• [Work required] Lines after the one containing "Senter Kepala Kiseki" are to be omitted; print exactly each line from the start of the records up to and including it.

(Exercise input begins)

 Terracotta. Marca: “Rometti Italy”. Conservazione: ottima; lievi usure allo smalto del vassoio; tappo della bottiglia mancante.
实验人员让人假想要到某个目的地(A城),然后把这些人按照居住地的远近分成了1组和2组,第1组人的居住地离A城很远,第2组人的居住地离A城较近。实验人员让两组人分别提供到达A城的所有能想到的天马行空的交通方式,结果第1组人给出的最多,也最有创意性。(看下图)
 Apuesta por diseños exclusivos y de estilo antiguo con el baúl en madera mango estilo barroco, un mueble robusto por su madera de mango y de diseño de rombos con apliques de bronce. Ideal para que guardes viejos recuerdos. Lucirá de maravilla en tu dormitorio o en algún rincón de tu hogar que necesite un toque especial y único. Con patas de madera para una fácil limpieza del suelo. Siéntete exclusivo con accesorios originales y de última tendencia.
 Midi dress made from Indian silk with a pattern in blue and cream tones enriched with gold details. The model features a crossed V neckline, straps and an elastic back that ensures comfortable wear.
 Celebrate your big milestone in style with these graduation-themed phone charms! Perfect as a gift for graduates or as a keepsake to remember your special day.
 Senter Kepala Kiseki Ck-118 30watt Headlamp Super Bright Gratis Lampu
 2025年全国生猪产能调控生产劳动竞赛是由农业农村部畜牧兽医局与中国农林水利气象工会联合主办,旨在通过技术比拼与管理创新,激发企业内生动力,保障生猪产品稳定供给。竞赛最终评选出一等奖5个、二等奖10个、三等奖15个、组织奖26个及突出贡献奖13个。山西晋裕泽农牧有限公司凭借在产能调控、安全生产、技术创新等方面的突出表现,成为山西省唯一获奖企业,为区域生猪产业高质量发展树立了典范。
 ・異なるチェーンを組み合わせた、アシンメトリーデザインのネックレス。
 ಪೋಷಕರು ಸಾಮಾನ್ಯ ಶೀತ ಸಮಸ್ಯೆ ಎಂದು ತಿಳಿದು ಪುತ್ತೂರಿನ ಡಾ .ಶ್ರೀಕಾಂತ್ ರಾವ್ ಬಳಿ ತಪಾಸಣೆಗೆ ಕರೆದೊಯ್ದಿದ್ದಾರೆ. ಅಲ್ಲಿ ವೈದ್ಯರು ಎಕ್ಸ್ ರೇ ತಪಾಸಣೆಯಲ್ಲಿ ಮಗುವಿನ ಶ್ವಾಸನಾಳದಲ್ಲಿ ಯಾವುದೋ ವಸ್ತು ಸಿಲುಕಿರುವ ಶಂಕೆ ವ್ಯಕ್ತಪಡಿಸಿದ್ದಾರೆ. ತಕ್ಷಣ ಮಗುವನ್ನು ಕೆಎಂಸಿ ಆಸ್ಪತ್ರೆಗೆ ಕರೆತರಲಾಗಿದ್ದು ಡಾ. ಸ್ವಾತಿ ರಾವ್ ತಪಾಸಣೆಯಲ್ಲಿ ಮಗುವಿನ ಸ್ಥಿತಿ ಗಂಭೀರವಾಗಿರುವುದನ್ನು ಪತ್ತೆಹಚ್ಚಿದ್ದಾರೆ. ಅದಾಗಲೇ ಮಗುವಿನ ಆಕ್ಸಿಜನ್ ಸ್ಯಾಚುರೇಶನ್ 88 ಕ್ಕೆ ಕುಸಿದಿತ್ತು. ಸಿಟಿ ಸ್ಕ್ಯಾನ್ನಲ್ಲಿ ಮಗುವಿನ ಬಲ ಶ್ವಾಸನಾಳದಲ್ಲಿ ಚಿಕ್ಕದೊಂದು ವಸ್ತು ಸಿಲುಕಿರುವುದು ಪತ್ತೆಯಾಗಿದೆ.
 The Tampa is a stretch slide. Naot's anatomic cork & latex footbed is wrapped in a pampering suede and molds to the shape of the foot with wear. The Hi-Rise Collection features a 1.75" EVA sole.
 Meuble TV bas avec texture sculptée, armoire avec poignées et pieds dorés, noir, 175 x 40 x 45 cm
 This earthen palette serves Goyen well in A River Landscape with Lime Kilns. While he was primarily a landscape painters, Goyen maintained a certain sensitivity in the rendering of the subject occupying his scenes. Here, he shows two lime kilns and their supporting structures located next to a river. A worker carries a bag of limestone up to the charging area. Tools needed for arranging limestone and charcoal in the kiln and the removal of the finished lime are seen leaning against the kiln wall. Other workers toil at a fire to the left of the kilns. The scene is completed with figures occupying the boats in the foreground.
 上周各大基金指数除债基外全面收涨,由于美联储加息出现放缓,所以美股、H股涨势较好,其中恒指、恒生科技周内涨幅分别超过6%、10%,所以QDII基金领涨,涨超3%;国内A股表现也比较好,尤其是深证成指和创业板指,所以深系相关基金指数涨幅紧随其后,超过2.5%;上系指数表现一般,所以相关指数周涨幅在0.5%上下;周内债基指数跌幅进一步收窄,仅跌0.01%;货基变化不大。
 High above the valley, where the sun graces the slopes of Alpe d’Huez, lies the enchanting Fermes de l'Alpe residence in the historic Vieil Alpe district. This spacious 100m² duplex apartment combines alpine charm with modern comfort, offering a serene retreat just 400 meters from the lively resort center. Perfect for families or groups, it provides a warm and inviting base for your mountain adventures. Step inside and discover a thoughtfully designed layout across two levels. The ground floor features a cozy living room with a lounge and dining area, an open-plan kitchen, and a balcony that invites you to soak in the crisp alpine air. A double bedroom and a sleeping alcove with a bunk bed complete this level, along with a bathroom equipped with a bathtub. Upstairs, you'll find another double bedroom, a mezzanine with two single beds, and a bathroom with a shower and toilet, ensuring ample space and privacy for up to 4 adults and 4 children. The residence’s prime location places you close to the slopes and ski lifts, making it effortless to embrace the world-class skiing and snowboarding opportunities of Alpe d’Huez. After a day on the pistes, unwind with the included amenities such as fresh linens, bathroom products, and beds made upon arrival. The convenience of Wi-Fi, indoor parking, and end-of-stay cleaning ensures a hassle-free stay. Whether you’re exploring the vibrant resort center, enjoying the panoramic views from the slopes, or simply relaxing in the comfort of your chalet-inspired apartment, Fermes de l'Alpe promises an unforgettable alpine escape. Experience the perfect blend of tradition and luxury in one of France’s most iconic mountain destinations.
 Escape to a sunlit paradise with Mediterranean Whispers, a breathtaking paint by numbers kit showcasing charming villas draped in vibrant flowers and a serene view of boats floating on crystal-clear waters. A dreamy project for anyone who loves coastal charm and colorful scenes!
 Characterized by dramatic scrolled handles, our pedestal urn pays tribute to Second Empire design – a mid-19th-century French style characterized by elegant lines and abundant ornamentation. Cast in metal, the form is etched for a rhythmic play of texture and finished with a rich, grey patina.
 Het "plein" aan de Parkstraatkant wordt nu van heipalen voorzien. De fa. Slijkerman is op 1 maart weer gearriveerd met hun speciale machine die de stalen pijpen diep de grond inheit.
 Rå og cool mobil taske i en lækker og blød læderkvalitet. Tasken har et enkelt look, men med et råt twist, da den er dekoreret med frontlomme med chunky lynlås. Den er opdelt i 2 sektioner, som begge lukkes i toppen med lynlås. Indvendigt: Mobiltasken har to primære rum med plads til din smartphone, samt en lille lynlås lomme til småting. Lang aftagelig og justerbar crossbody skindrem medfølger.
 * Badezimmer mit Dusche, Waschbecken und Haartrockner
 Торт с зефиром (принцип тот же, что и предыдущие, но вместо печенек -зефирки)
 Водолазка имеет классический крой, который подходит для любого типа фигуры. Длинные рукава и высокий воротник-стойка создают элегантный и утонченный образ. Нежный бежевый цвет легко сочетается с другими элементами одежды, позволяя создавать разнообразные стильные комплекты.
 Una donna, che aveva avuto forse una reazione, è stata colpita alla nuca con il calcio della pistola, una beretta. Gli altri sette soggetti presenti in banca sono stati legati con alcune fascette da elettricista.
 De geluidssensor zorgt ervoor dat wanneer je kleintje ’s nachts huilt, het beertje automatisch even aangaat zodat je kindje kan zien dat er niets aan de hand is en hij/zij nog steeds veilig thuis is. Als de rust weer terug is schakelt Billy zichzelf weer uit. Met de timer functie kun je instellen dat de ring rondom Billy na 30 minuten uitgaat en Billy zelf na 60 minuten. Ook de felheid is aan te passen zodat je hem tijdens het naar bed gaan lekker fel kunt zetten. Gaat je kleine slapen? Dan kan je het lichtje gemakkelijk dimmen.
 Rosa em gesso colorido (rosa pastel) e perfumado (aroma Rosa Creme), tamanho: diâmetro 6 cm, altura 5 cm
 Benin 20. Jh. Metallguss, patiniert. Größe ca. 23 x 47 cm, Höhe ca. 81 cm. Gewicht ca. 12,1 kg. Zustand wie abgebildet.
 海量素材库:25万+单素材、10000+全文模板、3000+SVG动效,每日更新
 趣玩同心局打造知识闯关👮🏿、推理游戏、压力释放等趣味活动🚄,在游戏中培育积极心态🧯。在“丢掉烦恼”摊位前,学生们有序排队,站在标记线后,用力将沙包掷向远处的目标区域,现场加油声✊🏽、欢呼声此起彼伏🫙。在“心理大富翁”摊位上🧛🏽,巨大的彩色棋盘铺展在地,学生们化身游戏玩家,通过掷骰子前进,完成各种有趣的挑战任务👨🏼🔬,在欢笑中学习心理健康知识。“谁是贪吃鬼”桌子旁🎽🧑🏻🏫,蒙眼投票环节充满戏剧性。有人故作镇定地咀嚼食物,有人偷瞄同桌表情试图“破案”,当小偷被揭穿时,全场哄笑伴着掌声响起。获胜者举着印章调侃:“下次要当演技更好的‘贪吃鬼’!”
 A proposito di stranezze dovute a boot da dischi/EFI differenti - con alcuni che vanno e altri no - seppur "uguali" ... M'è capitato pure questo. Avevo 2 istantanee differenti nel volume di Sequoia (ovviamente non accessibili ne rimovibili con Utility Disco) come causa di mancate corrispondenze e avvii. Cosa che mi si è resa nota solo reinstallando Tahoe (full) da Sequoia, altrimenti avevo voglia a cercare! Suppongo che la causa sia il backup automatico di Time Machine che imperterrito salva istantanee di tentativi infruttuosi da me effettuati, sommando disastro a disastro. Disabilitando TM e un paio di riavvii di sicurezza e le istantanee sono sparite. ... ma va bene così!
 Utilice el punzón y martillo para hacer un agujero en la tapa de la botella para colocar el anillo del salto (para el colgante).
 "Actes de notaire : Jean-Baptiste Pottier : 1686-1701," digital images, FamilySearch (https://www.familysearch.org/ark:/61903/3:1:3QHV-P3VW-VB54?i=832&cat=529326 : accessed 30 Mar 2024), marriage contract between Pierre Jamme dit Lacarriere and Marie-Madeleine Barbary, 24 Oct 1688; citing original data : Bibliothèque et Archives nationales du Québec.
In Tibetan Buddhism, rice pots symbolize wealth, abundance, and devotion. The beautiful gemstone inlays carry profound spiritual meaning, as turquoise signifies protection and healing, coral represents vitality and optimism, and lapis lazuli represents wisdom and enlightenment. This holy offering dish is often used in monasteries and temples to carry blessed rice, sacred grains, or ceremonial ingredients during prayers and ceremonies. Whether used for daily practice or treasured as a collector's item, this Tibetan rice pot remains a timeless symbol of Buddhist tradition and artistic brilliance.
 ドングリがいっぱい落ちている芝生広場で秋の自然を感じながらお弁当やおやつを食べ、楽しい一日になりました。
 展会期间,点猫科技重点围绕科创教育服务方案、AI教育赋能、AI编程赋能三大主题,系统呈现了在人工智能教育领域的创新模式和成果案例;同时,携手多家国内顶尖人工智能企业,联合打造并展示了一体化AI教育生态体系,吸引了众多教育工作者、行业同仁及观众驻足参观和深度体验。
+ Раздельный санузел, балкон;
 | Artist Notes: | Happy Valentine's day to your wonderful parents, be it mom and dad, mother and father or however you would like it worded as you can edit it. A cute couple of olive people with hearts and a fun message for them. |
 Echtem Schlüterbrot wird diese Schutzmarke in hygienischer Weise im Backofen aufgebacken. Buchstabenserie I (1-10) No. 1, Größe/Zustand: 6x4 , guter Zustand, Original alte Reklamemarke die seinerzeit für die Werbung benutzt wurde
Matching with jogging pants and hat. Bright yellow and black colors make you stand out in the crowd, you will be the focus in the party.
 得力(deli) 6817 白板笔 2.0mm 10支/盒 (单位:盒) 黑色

(Exercise input ends)

• [Output]
 Terracotta. Marca: “Rometti Italy”. Conservazione: ottima; lievi usure allo smalto del vassoio; tappo della bottiglia mancante.
实验人员让人假想要到某个目的地(A城),然后把这些人按照居住地的远近分成了1组和2组,第1组人的居住地离A城很远,第2组人的居住地离A城较近。实验人员让两组人分别提供到达A城的所有能想到的天马行空的交通方式,结果第1组人给出的最多,也最有创意性。(看下图)
 Apuesta por diseños exclusivos y de estilo antiguo con el baúl en madera mango estilo barroco, un mueble robusto por su madera de mango y de diseño de rombos con apliques de bronce. Ideal para que guardes viejos recuerdos. Lucirá de maravilla en tu dormitorio o en algún rincón de tu hogar que necesite un toque especial y único. Con patas de madera para una fácil limpieza del suelo. Siéntete exclusivo con accesorios originales y de última tendencia.
 Midi dress made from Indian silk with a pattern in blue and cream tones enriched with gold details. The model features a crossed V neckline, straps and an elastic back that ensures comfortable wear.
 Celebrate your big milestone in style with these graduation-themed phone charms! Perfect as a gift for graduates or as a keepsake to remember your special day.
 Senter Kepala Kiseki Ck-118 30watt Headlamp Super Bright Gratis Lampu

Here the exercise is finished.